Editor's Desk

A place to mourn: Grateful for the church

I was out of the country recently when a member of my congregation died. When this happens I feel the pain of being unable to do anything helpful, and a little guilt as well. That’s when I relearn a basic lesson in ecclesiology: I belong to a community of faith that knows how to be a church in my absence.

Steve’s death from a heart attack was completely unexpected. He was 49 with no known health issues. He was a successful and widely respected businessman as well as an officer of the congregation. His loss will be felt for a long time.

Elaine Pagels begins her book Beyond Belief with a reference to standing in a church vestibule. She is not a churchgoer. But a few days before, a doctor had told Pagels and her husband that their two-year-old son was terminally ill.

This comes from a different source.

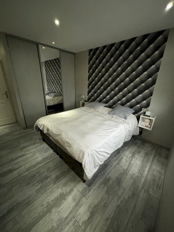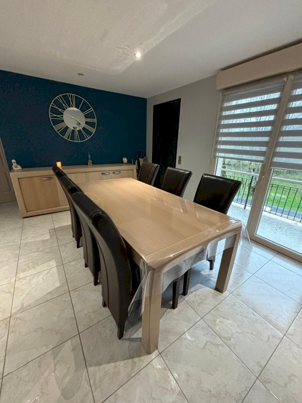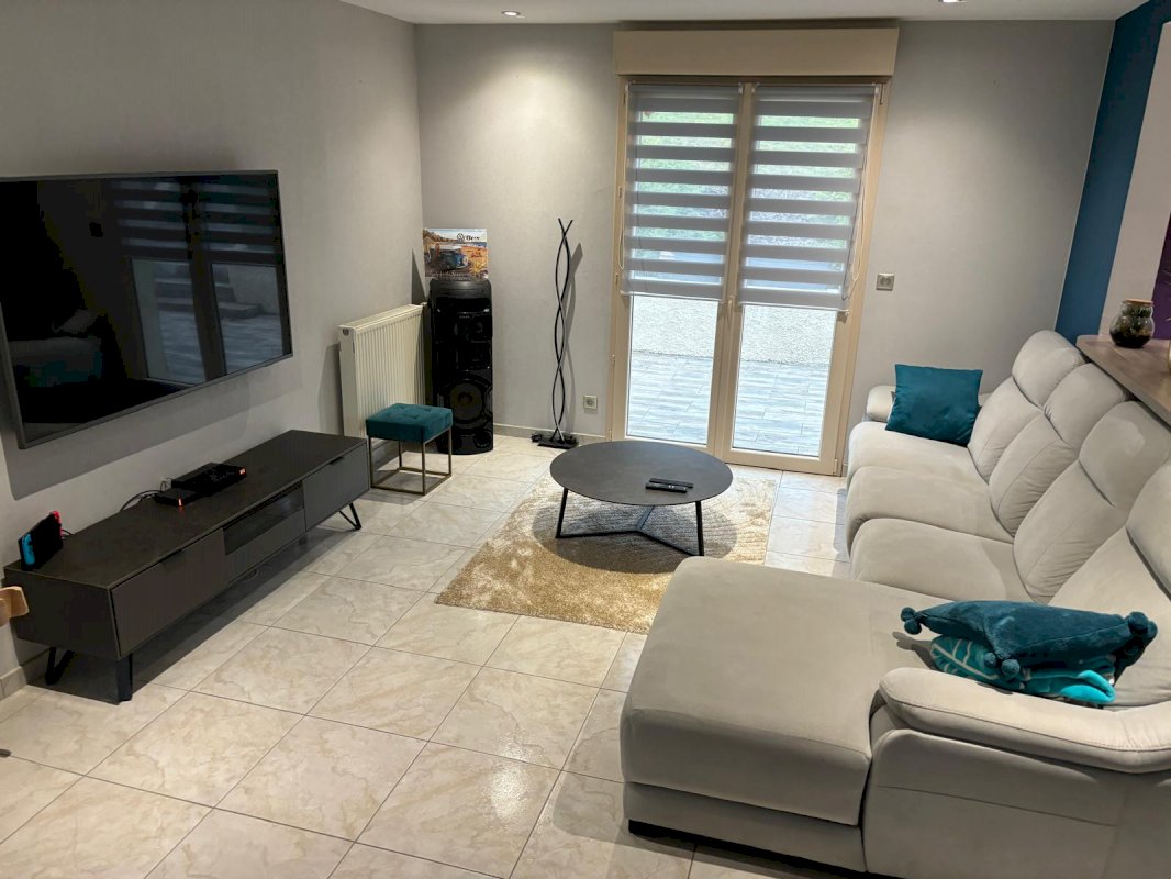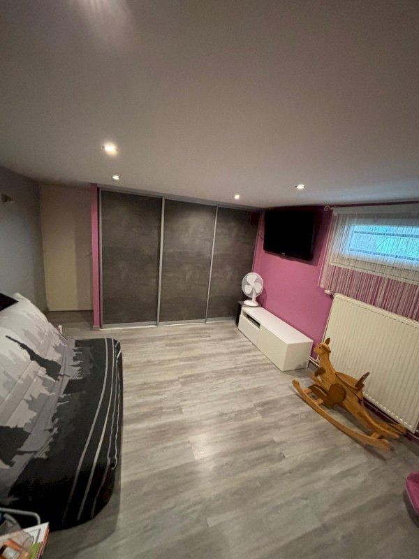 Cuisine équipée ouverte sur salon, salle à manger et son poêle à bois avec accès terrasse équipée d'un store électrique. Couloir desservant sur salle de bain avec baignoire et douche, WC suspendu indépendant et trois chambres équipées de placards à portes coulissantes. Au sous-sol halle d entrée avec deux placards , une salle de jeu ou chambre avec placard.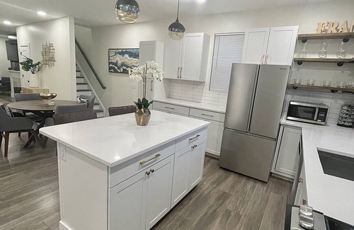 •Chef’s kitchen with large center island, clean white cabinetry throughout and brand new appliances

“Standing in the back of that church, I recognized, un comfortably, that I needed to be there. . . . Here was a place to weep without imposing tears upon your child; and here was a heterogeneous community that had gathered to sing, to celebrate, to acknowledge common needs, and to deal with what we cannot control or imagine. . . . Here is a family that knows how to face death.”

The rock-bottom reason for the church’s existence is to be a community that knows how to deal with death. We gather around Steve’s wife and daughter with love and support, reach out in phone calls, e-mails and personal encounters: “We’re praying for you; you are in my heart; we love you.” In liturgy and the great hymns of the faith, we express the hope of the gospel for the bereaved—that death does not have the last word about us, God does. After “a witness to the resurrection,” the liturgical celebration of Steve’s life, the community will continue to let wife and daughter know that they are surrounded by God’s love as reflected in the community’s love.

From thousands of miles away, I was grateful for the church. On the day of the funeral in Chicago, my wife and I walked to a nearby village and found the parish church door open. We walked in and sat in silence for ten minutes, thinking about and praying for a community of faith thousands of miles away.